Test Car Specifications

Model tested: Skoda Fabia 1.0 TSI 95 Monte Carlo manual 2019MY
Pricing: Fabia starts at 12,840; car as tested from 17,435
Engine: 1.0-litre three-cylinder turbocharged petrol
Transmission: five-speed manual, front-wheel drive
Body style: five-door hatchback
CO2 emissions: 104g/km (VED Band 101-110: 145 in year one, then 140 annually thereafter)
Combined economy: 61.4mpg
Top speed: 114mph
0-62mph: 10.8 seconds
Power: 95hp at 5,000-5,500rpm
Torque: 160Nm at 1,800-3,500rpm
Boot space: 330-1,150 litres

What's this?

Probably the most practical and no-nonsense of superminis, in its third incarnation and revised for the 2019 model year. Yes, it's update time for the Skoda Fabia and the news is that there are no absolutely huge amendments to what has always been an unassuming character in the B-segment marketplace. This is no bad thing, because we've always liked the understated way the Fabia Mk3 goes about its business, and at least it hasn't gone and had one of those facelifts that brings in (*shudder*) quad headlights, as with the firm's bigger Octavia hatch.
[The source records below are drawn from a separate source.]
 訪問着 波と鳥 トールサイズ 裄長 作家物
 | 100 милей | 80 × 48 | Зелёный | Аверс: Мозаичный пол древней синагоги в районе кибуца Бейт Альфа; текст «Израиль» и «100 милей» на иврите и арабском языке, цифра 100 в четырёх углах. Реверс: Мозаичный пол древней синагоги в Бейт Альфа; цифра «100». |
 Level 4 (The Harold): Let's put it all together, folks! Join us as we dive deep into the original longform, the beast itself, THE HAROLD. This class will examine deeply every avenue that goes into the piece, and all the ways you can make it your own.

Essentially, on Fabia v3.5 (or whatever you want to call it), you're looking at remodelled bumpers (easier to spot at the rear than the front, as the moulding on the Skoda's rump now houses integrated reflectors that were located in the light clusters previously), a radiator grille that's a different shape (got pictures of the pre-facelift and post-facelift Fabia Mk3 up on your screen? Then look closely at the grille's top line, as it used to culminate in two 'wing' points before, but now has a 'chamfered' edge next to the headlight cluster), headlights and taillights that can be optionally LED and which have designs that are crystalline to evoke the Czech Republic's long history of glass-making and the ability to have 18-inch alloys on the hatchback Fabia; these being the largest wheels the Fabia has yet worn.
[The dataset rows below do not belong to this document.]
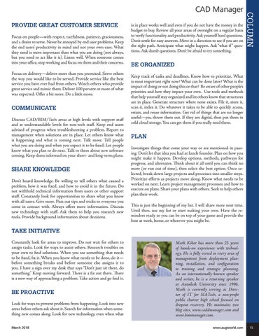 COMMUNICATE Discuss CAD/BIM/Tech areas at high levels with support staff and at understandable levels for non-tech staff. Keep end users advised of progress when troubleshooting a problem. Report to management when solutions are in place. Let others know what is happening and what is coming next. Talk more. Tell people what you are doing and when you expect it to be fixed. Let people know what you plan to do next. Talk to them about new software coming. Keep them informed on your short- and long-term plans.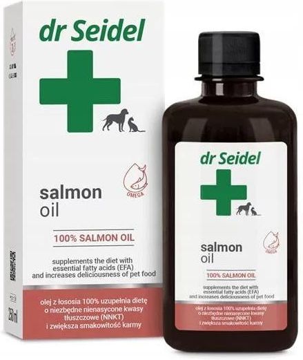 Dr Seidel Salmon Oil to w 100% naturalny olej z łososia, będący bogatym źródłem niezbędnych nienasyconych kwasów tłuszczowych (NNKT) omega-3. Ten wyjątkowy suplement wspiera zdrowie skóry i sierści, poprawiając ich kondycję, elastyczność i blask. Olej łososiowy, dzięki swoim właściwościom może pomagać przeciwzapalnie, pomaga łagodzić podrażnienia skóry i wspiera regenerację opuszek łap. Produkt polecany jest zarówno dla psów, jak i kotów, niezależnie od ich wieku, a także w szczególnych okresach, takich jak ciąża czy laktacja. Dodatkowo, podawany z karmą, zwiększa smakowitość posiłków, co czyni go idealnym rozwiązaniem dla zwierząt wybrednych. Dr Seidel Salmon Oil – naturalne wsparcie procesów metabolicznych i odporności Dr Seidel Salmon Oil to nie tylko produkt poprawiający kondycję skóry i sierści, ale także suplement wspierający procesy metaboliczne i odpornościowe. Kwasy tłuszczowe omega-3, zawarte w oleju z łososia, pomagają zmniejszać stany zapalne, wspierają zdrowie układu sercowo-naczyniowego oraz wzmacniają naturalną odporność organizmu. Dzięki swojemu kompleksowemu działaniu produkt jest odpowiedni zarówno dla szczeniąt, dorosłych psów, kotów, jak i zwierząt starszych. Jego regularne stosowanie może wpłynąć na poprawę apetytu oraz ogólnego samopoczucia Twojego pupila. Kluczowe korzyści zdrowotne Poprawa kondycji skóry i sierści: Omega-3 wspiera regenerację skóry, nadając sierści blask i elastyczność. Wsparcie procesów metabolicznych: Wzmacnia odporność i wspiera prawidłowe funkcje metaboliczne. Poprawa apetytu: Podawany z karmą zwiększa smakowitość posiłków, zachęcając zwierzę do jedzenia. Kiedy warto rozpocząć stosowanie Dr Seidel Salmon Oil? Stosowanie Dr Seidel Salmon Oil jest zalecane w każdej fazie życia zwierzęcia, szczególnie w przypadku problemów z kondycją skóry i sierści, takich jak suchość, łamliwość czy nadmierne linienie. Produkt sprawdzi się również u zwierząt zmagających się ze stanami zapalnymi, obniżoną odpornością czy zmniejszonym apetytem. Olej jest także polecany dla suk i kotek w okresie ciąży oraz laktacji, wspierając ich zdrowie i regenerację organizmu. Dlaczego warto kupić Dr Seidel Salmon Oil? Dr Seidel Salmon Oil to w 100% naturalny olej z łososia, który dostarcza niezbędnych składników wspierających zdrowie skóry, sierści i organizmu Twojego pupila. Dzięki wysokiej zawartości kwasów omega-3 działa przeciwzapalnie i wspiera procesy metaboliczne, poprawiając ogólną kondycję zwierzęcia. Olej zwiększa smakowitość posiłków, co jest szczególnie istotne dla zwierząt wybrednych. Produkt można stosować zarówno profilaktycznie, jak i w celu łagodzenia istniejących problemów zdrowotnych. Jego łatwe podawanie wraz z karmą czyni go wygodnym wyborem dla każdego właściciela. Ciekawostka na temat omega-3 Kwasy tłuszczowe omega-3, zawarte w Dr Seidel Salmon Oil, mają potwierdzone działanie wspierające odporność. Badania pokazują, że regularne suplementowanie omega-3 może zmniejszyć ryzyko wystąpienia chorób zapalnych skóry oraz poprawić funkcje poznawcze u starszych zwierząt. Dzięki swoim wszechstronnym właściwościom omega-3 są jednym z najważniejszych składników diety psów i kotów.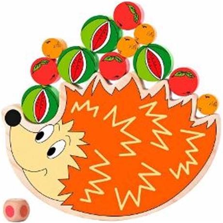 Balanční hra. WOODY Balanční hra Ježek. . Hra a didaktická pomůcka v jednom. Hráči hází kostkou, na jejíž stranách jsou barevné puntíky. Barva hráči napoví, které ovoce bude na ježka pokládat. Úkolem hráče je položit na ježka ovoce tak, aby se ježek nepřevážil a ovoce ze svého hřbetu nevysypal. . Věk 3+. Rozměry 17 x 11 cm
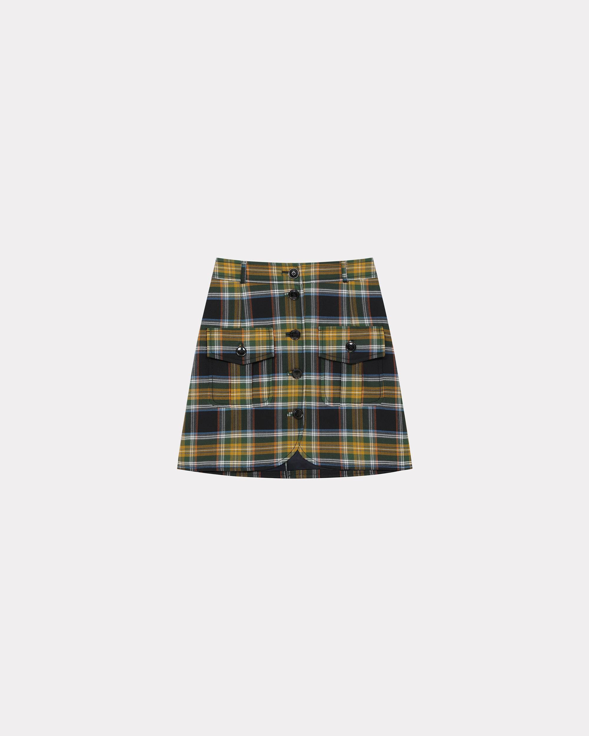 This mini skirt, with its checked print, takes its inspiration from 1960s English aristocratic elegance. This practical piece has two meticulously designed flap pockets and fastens with a single row of buttons for smart retro style. A-line checked mini skirt. Two front flap pockets with buttons. Belt loops. Slit at the back. Front button fastening. SIZE & FIT Length at back: 42 cm. The model is 175 cm tall and wears a size S. COMPOSITION & CARE Made in Portugal 53% polyester, 43% virgin wool, 4% elastane

Mention of the hatchback is apposite, as the Fabia Estate continues as one of the last B-segment load-luggers you can still buy (faddish crossovers killing off most of its rivals) - but the 1.4-litre TDI turbodiesel triple, which powered the last version of Skoda's smallest wagon that we test-drove, has gone. The facelifted line-up is entirely propelled by three-cylinder, 1.0-litre petrol engines, in two main specifications that provide four power outputs. The normally-aspirated MPI can be had with either 60- or 75hp, while the turbocharged TSI delivers either 95- or 110hp. In the UK, Skoda won't be offering the 60hp MPI, but there's enough of a spread of the others, across the two body styles, for a 28-model Fabia line-up.
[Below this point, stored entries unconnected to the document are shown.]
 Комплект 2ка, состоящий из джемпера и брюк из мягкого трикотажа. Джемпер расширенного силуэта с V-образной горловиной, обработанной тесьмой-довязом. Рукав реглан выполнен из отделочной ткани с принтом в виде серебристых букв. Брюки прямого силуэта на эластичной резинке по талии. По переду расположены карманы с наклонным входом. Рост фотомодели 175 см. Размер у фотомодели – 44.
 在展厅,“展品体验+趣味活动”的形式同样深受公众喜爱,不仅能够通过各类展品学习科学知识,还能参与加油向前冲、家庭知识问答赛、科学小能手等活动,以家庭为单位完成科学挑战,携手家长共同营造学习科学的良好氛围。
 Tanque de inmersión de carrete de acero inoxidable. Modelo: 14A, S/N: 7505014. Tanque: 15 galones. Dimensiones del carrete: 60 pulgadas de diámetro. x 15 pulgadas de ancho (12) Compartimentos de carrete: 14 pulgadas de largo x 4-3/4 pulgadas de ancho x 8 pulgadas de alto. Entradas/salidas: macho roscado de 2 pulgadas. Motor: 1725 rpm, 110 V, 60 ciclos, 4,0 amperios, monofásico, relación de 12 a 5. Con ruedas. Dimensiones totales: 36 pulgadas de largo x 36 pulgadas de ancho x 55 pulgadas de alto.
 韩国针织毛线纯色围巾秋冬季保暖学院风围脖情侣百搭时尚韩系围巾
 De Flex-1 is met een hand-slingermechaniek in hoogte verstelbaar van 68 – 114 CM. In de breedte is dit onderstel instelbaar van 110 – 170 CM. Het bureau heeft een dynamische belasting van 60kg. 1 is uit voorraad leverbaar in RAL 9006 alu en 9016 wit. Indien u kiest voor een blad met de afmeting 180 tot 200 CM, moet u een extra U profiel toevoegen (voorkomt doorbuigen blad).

Trim grades start with S, then run SE, Colour Edition (an SE with funky two-tone colour schemes and bigger alloys, plus some other sundry items, for an extra 550... oh, and it's only available on the hatchback, not the Estate), SE L and finally Monte Carlo. All models send drive through the front wheels and a five-speed manual gearbox, save the 110hp TSI, which gets a six-speed manual as standard and the option of a seven-speed DSG auto for a nice, round grand of your money. Fabia hatchback prices start at a very reasonable 12,840 for a 1.0 MPI 75 S and rise to 18,435 for a Monte Carlo 110 DSG, while the Estate (+1,020 on an equivalent hatch) kicks off at 13,860 for the MPI S and tops out at 18,750 for an SE L TSI 110 DSG.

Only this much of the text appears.